• [REQUIRED ACTION] Would you transcribe the records below exactly, omitting every picture?

• [INFORMATION SHOWN]
*** Begin section ***
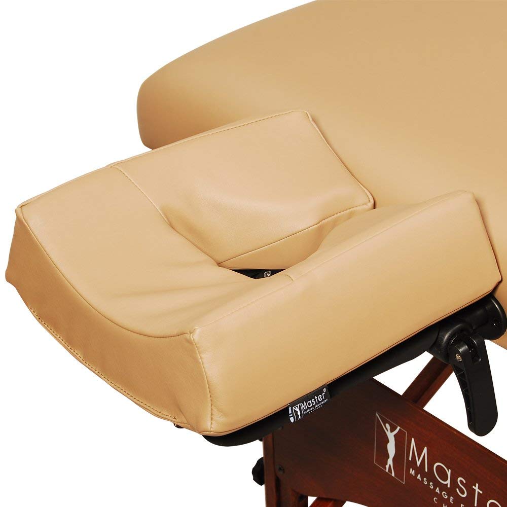 All materials in the table are formaldehyde and carcinogen free, and the PU upholstery in Cream color is oil- and water-resistant, CFC-free and reinforced with a denim like backing, for extra durability. The table easily supports a working weight of 750lbs., thanks to the table's Duo-Plane hinges, stabilizer bar and Clevis Block leg attachments. Master Massage includes in this package adjustable face cradle, memory foam face pillow designed to release pressure points, and 2-pocket carrying case.
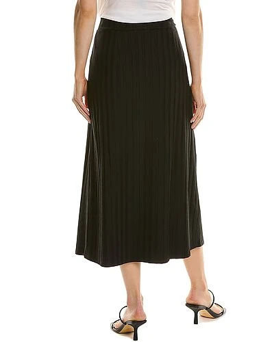 - Wide Stretch Rib A-Line Skirt in black with 3in wide waistband and .5in elastic
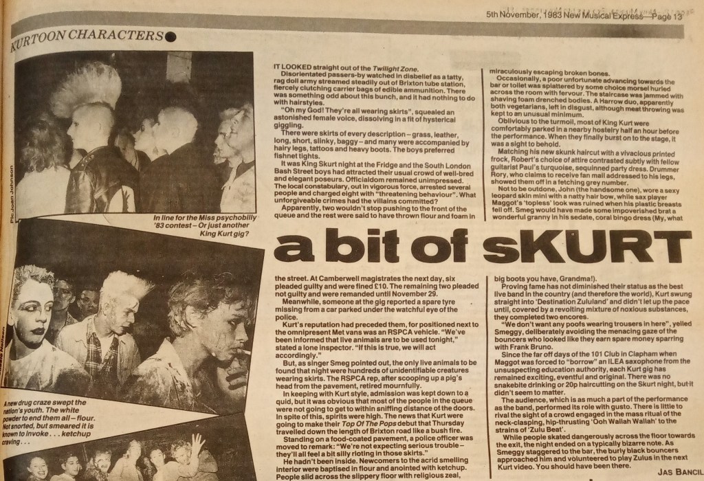 Psychobilly reprobates King Kurt chose the Fridge in Brixton for the launch of their “skirts only” tour in 1983, where the door policy dictated that men would only be allowed in if they were wearing a skirt.
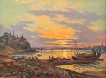 U K(h)in Maung (1910-1983), bocht in de Irrawaddy, Myanmar, olieverf op paneel, l.o. gesigneerd en gedateerd '62, 60 × 90 cm
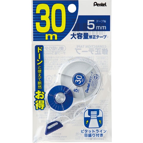 30m修正テープ<ピタットライン付> ぺんてる XZT515-W 使い切りタイプ 5mm幅 消し具
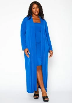 Plus Size Rib Knit Tube Midi Dress & Duster Cardigan Set
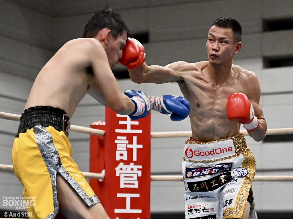 今年でジム創設40周年、100回記念興行のオープニングを飾ったのは、初勝利を目指す烏頭尾一輝(うとお・かずき/19=アポロ)と土居洋舞(18=姫路木下)による、54.5s契約4回戦。会心の一撃で勝負が決まった!
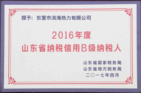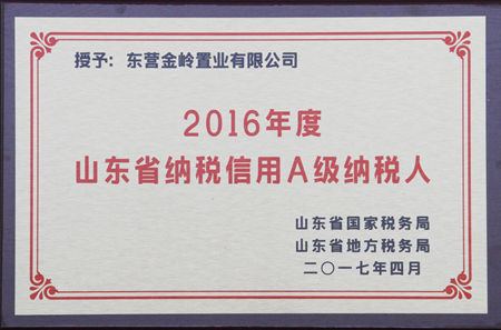 近日,2016年度山東省納稅信用級別評價結(jié)果發(fā)布,集團公司下屬子公司金嶺股份、金嶺化學(xué)、金嶺置業(yè)、金嶺新材料、濱海熱力獲得表彰。
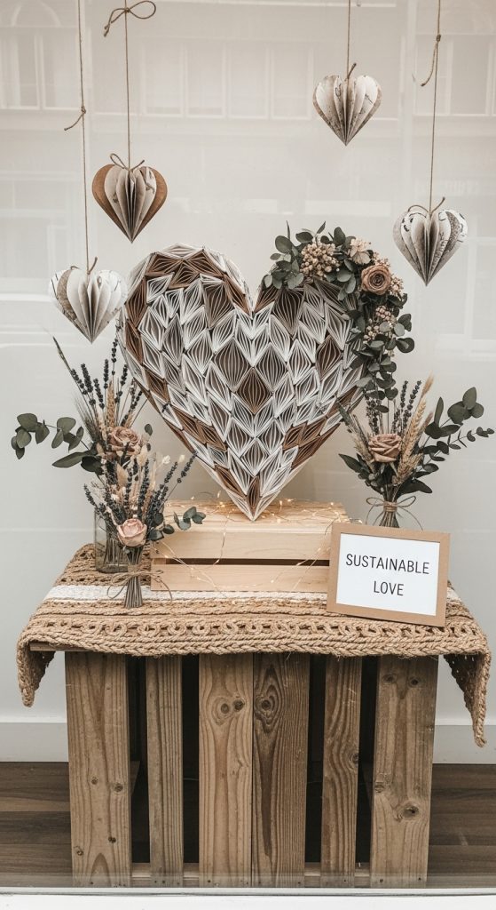 Eco-conscious shoppers appreciate brands that reflect their values. A sustainable Valentine’s window display can feature recycled materials, paper hearts, dried flowers, and neutral earthy tones. Focus on messages of lasting love, self-love, and caring for the planet. This concept not only celebrates Valentine’s Day but also reinforces brand ethics and responsibility.
*** End section ***
• [ANSWER]
 All materials in the table are formaldehyde and carcinogen free, and the PU upholstery in Cream color is oil- and water-resistant, CFC-free and reinforced with a denim like backing, for extra durability. The table easily supports a working weight of 750lbs., thanks to the table's Duo-Plane hinges, stabilizer bar and Clevis Block leg attachments. Master Massage includes in this package adjustable face cradle, memory foam face pillow designed to release pressure points, and 2-pocket carrying case.
 - Wide Stretch Rib A-Line Skirt in black with 3in wide waistband and .5in elastic
 Psychobilly reprobates King Kurt chose the Fridge in Brixton for the launch of their “skirts only” tour in 1983, where the door policy dictated that men would only be allowed in if they were wearing a skirt.
 U K(h)in Maung (1910-1983), bocht in de Irrawaddy, Myanmar, olieverf op paneel, l.o. gesigneerd en gedateerd '62, 60 × 90 cm
 30m修正テープ<ピタットライン付> ぺんてる XZT515-W 使い切りタイプ 5mm幅 消し具
 Plus Size Rib Knit Tube Midi Dress & Duster Cardigan Set
 今年でジム創設40周年、100回記念興行のオープニングを飾ったのは、初勝利を目指す烏頭尾一輝(うとお・かずき/19=アポロ)と土居洋舞(18=姫路木下)による、54.5s契約4回戦。会心の一撃で勝負が決まった!
 近日,2016年度山東省納稅信用級別評價結(jié)果發(fā)布,集團公司下屬子公司金嶺股份、金嶺化學(xué)、金嶺置業(yè)、金嶺新材料、濱海熱力獲得表彰。
 Eco-conscious shoppers appreciate brands that reflect their values. A sustainable Valentine’s window display can feature recycled materials, paper hearts, dried flowers, and neutral earthy tones. Focus on messages of lasting love, self-love, and caring for the planet. This concept not only celebrates Valentine’s Day but also reinforces brand ethics and responsibility.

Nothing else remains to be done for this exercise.